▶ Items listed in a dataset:
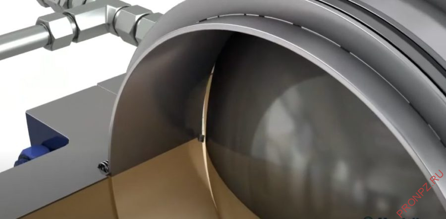 Чтобы перекрыть поступление жидкости необходимо повернуть шток на 90о, который соединен затвором. Когда создается давление с потоком жидкости, то гладкая поверхность сферы начинает прижиматься к кольцам, которые выполнены из гладкого полимерного материала, перекрывая поступление.
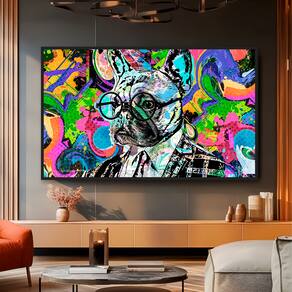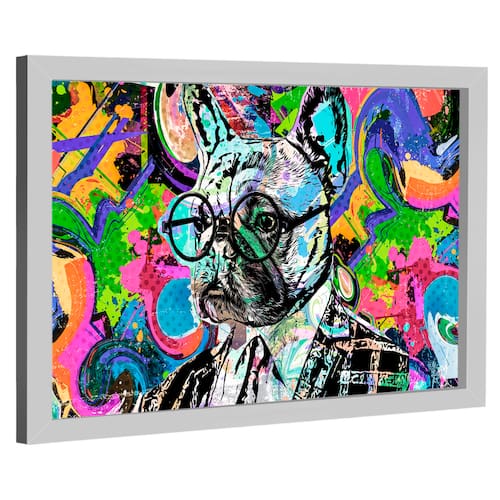 Quadro Decorativo Buldogue Pop Art Moldura Branca - 84x54cm -
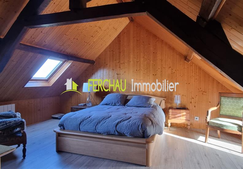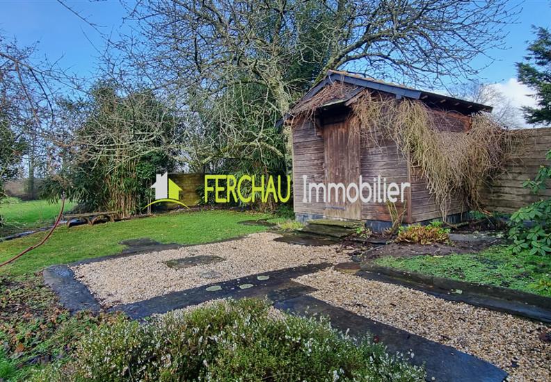 Un grand garage d'une surface de 32 m² équipé en électricité ainsi qu'un atelier et chalet de jardin complètent ce bien.
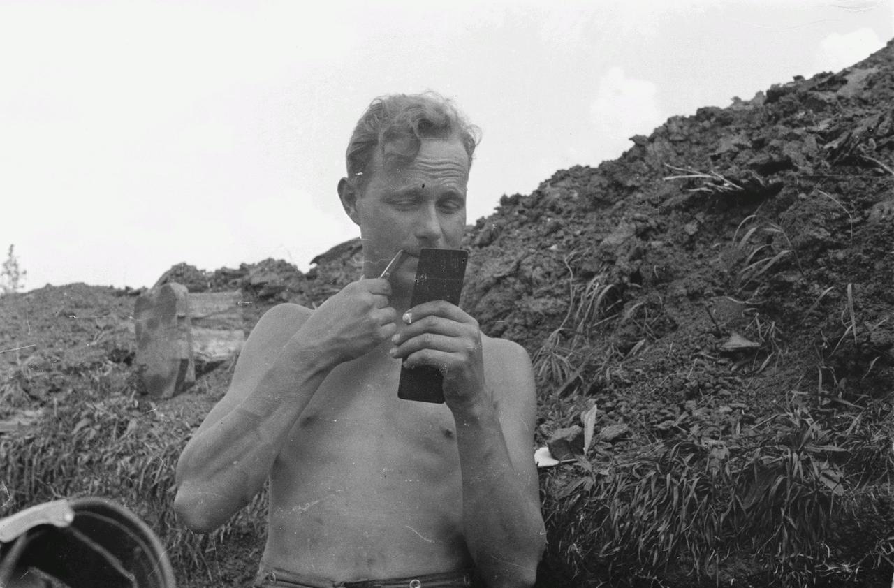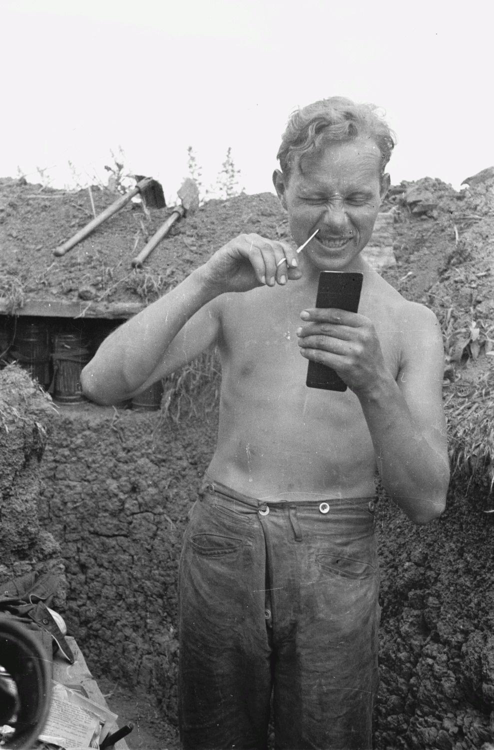 一个普通德军士兵最后的影像——1943年,东线,库尔斯克州,德军士兵弗朗茨·格拉瑟在战壕中修剪胡子。据推测,这张照片拍摄于1943年春夏的库尔斯克战役前夕。 弗朗茨·格拉瑟战前是一名在慕尼黑工作的专业摄影师,在苏联战场期间拍摄了大量风景与人物照片。当时他服役于第167步兵师,在“堡垒行动”期间该师配属给党卫军“帝国”装甲掷弹兵师。 1944年8月,他在雅西-基什尼奥夫战役中被俘,后在新罗西斯克附近的战俘营中去世,时年33岁。 “堡垒行动”是德军1943年7月在库尔斯克地区发起的战略进攻代号,是史上规模装甲会战,苏军称“库尔斯克战役”。 “帝国师”(2. SS-Panzergrenadier-Division “Das Reich”,徽标参见图3)是党卫军精锐装甲师,参与过法兰西战役、莫斯科战役,在库尔斯克前线承担南方集团军群主攻任务。 “雅西-基什尼奥夫战役”是苏军1944年8月实施的战略性进攻,十天歼灭德军22个师,促使罗马尼亚和保加利亚退出轴心国。
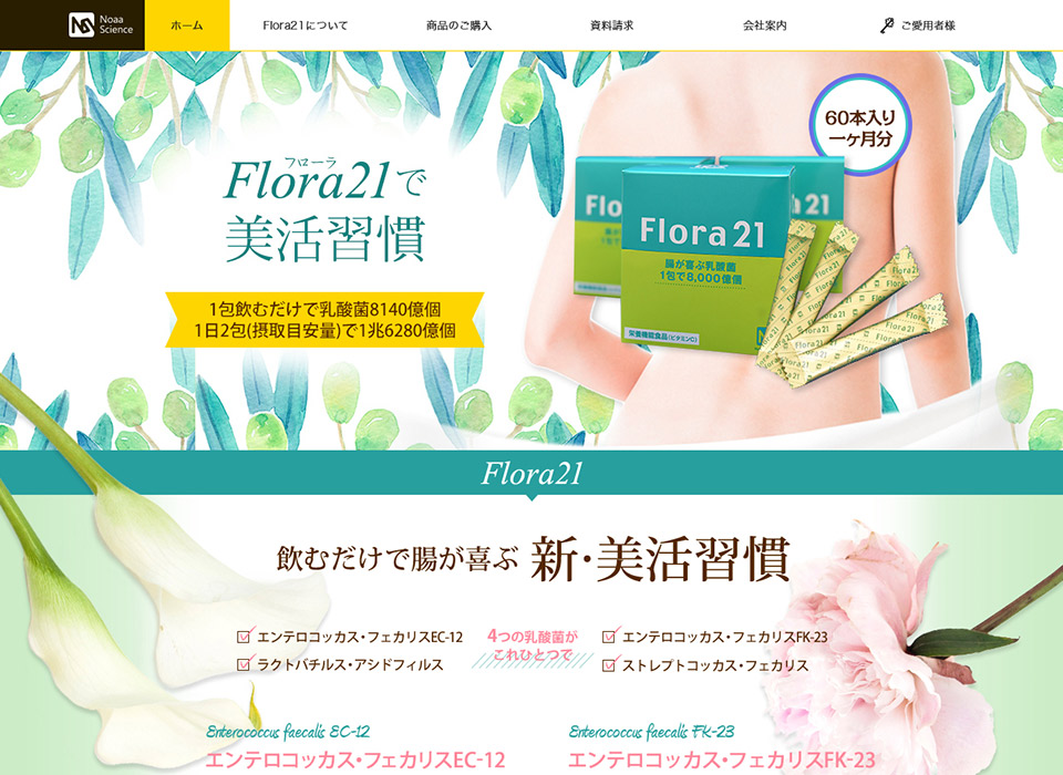腸を美しく整える健康食品を通販されている、ノアサイエンス様のコーポレートサイトをリニューアルさせて頂きました。既に幅広い年代の女性のお客様が多数いらっしゃるので、守備範囲の広いオーソドックスな美しさ、華やかなデザインをご提案させて頂きました。
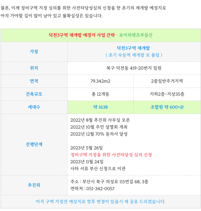 안녕하세요. 로이의렛츠부동산 ( 제이에이케이 부산 부동산중개법인 ) 입니다. 오늘은 덕천3구역 (구 숙등...
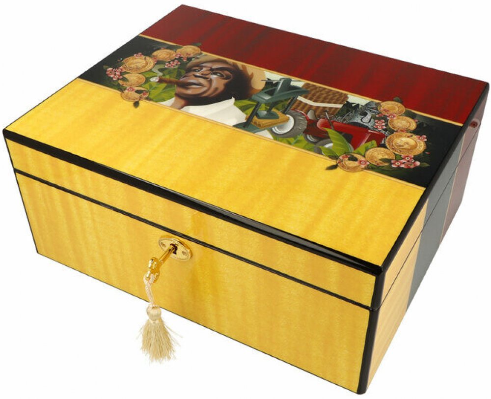 Stolní humidor na doutníky s kapacitou cca 30 doutníků. Dodáván s vlhkoměrem a zvlhčovačem. Vnitřek humidoru je vyložený cedrovým dřevem. Rozměr: 30x24x13 cm.
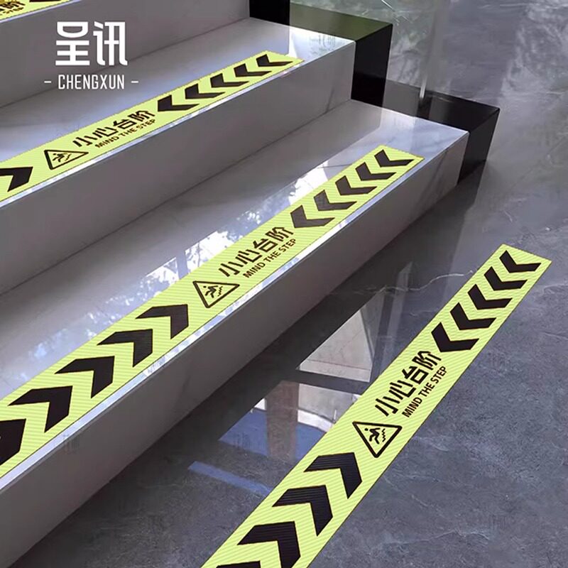 小心台阶地贴夜光台阶提示牌楼梯台阶防滑贴夜光小心地滑防水指示贴户外上下楼梯注意台阶坡道当心滑倒标识牌

▶ Instructions to follow: Copy exactly and only this span: the line with "Stolní humidor na" through the final line of the entries, both ends included, with the pictures left out.

▶ Result for this task:
 Stolní humidor na doutníky s kapacitou cca 30 doutníků. Dodáván s vlhkoměrem a zvlhčovačem. Vnitřek humidoru je vyložený cedrovým dřevem. Rozměr: 30x24x13 cm.
 小心台阶地贴夜光台阶提示牌楼梯台阶防滑贴夜光小心地滑防水指示贴户外上下楼梯注意台阶坡道当心滑倒标识牌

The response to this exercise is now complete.